Para Marcos Boulos, poderia se adiar o evento por oito meses, ou mais um ano. "Tem Copa do Mundo, mas também de qualquer jeito as competições vão bater, como aqui, com todas as competições e campeonatos juntos. Ninguém quer parar. Então vai ser essa loucura. Resumindo: o ideal é não ter nada agora. Não é momento de ter aglomerações, qualquer que seja."
O COI, "com a última palavra"
Em Tóquio, segue o cabo de guerra entre aqueles que defendem a realização da Olimpíada e os que brigam por seu adiamento ou cancelamento, em razão da pandemia.
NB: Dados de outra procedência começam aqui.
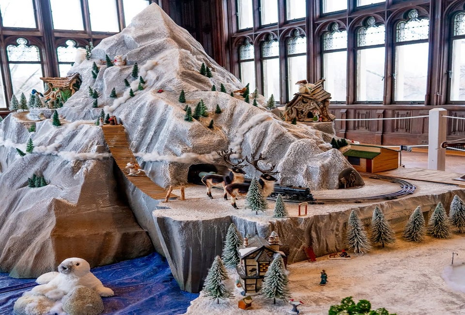 Watch the tiny train wind through a snow-dusted mountain scene, adding a magical new layer to the holiday wonder inside Hempstead House at the Sands Point Preserve.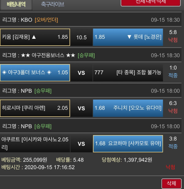 어제 야구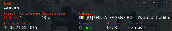 Играет на Counter Strike 1.6 сервере. Страна: РумынияПервый раз замечен 23:39 20.05.2025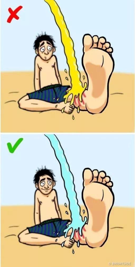被水母螫之后要用盐水清洗,如果用清水反而会让情况更严重,之后用镊子把水母残留下的触手拔除,如果有抗组胺药也可以涂在伤口上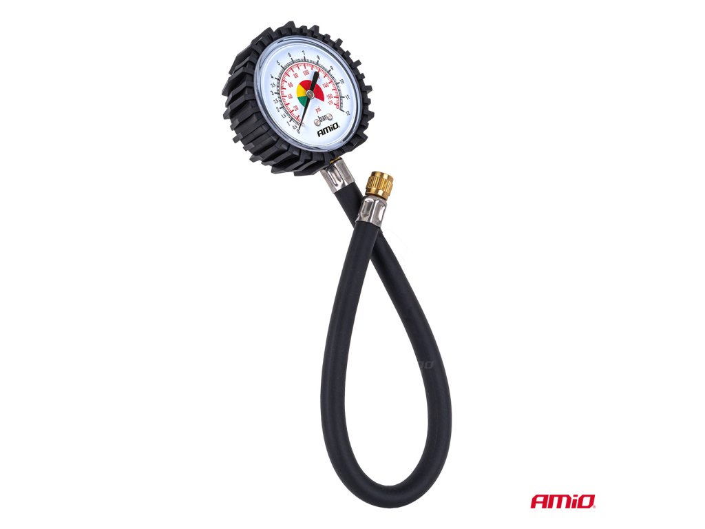 Pneumerač s pružnou hadicou dĺžky 30 cm a rozsahom do 12 barov je praktický a odolný nástroj určený na kontrolu tlaku v pneumatikách. Pneumerač s prehľadným ciferníkom zaručuje jednoduché používanie bez potreby napájania. Pružná hadica uľahčuje meranie v ťažko prístupných miestach, čo zvyšuje komfort práce v dielni.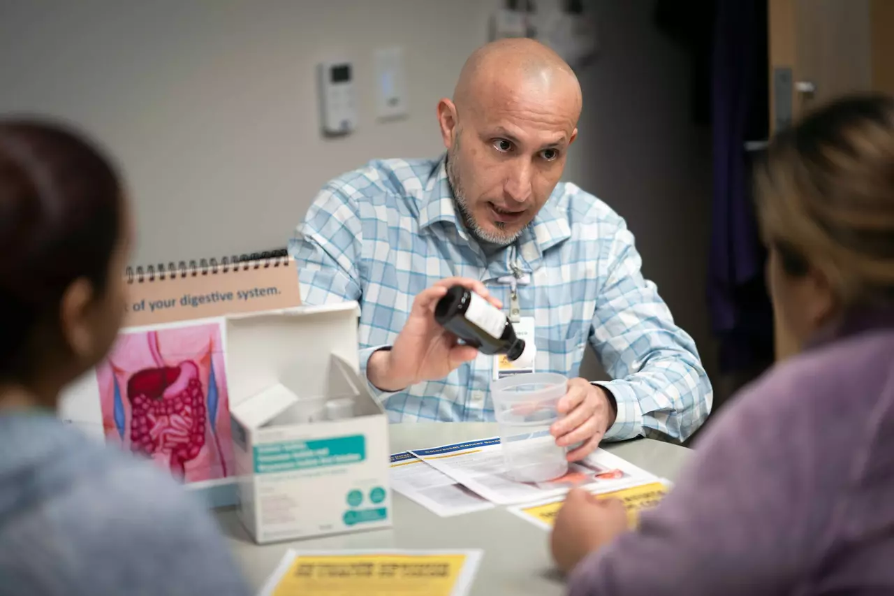 Francisco Ramirez of Fairview Health Services explains the process of a colonoscopy prep to two women at Prince of Peace Church’ s Mission Outpost in Burnsville on March 26.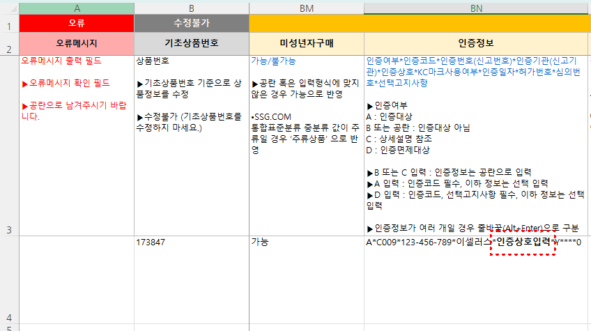 ② 엑셀 파일 내 [인증정보] 부분에 [인증상호]를 입력 합니다.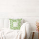 Joli et moderne monogramme jeter oreiller vert feuilles jettent oreiller oreiller. Facilement personnalisé avec l'inclusion de votre choix de monogramme initial qui apparaîtra sur l'avant et l'arrière.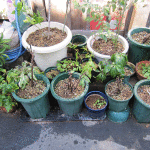 大体の作業を書きますと雑草抜きと手前の4鉢と右奥の1鉢の木は「牡丹」ですが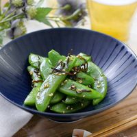スナップエンドウを色鮮やかに仕上げるには、「ゆでるときに塩を入れること」と「ゆで上がったら冷水に取ること」がポイント。塩を入れると緑色が鮮やかになり、冷水に取ることで色止めができ、ツヤが出ますよ。冷水に取らずにザルにあげたままにしておくと、シワが寄り色がくすむので注意してくださいね。

Nesta segunda-feira (10), o primeiro-ministro Yoshihide Suga falou na Casa dos Representantes que nunca priorizou os Jogos, e, sim, as vidas e a saúde da população, emendando que "devemos primeiro prevenir a disseminação do vírus". Enquanto seguem as enquetes dando opinião contrária dos japoneses quanto à Olimpíada em julho/agosto, a pressão aumenta, com abaixo-assinado de 300 mil opositores e foto de cartazes em um hospital da capital pedindo para "parar com os Jogos".
Ontem, o Sindicato dos Médicos Japoneses apresentou um pedido oficial ao governo do país solicitando que os Jogos Olímpicos sejam cancelados. A entidade justificou a solicitação alegando que o evento oferece perigo pela possibilidade de chegada e disseminação de novas cepas do vírus.
A decisão quanto a se permitir público local nos Jogos já tinha sido adiada para junho e a visita de Thomas Bach, presidente do Comitê Olímpico Internacional, marcada inicialmente para 17 de maio, foi adiada depois que o governo central optou por estender o Estado de Emergência em quatro grandes áreas metropolitanas e ampliando sua ação para outras duas e mais alguns municípios espalhados pelo país.
A data da visita de Bach ainda não foi confirmada, mas a previsão é que ocorra apenas em junho. Agora, Suga já começa a se esquivar e dizer que "o papel do governo é tomar medidas para que os Jogos sejam realizados de forma segura, mas que a decisão final sobre o destino da Olimpíada terá a última palavra".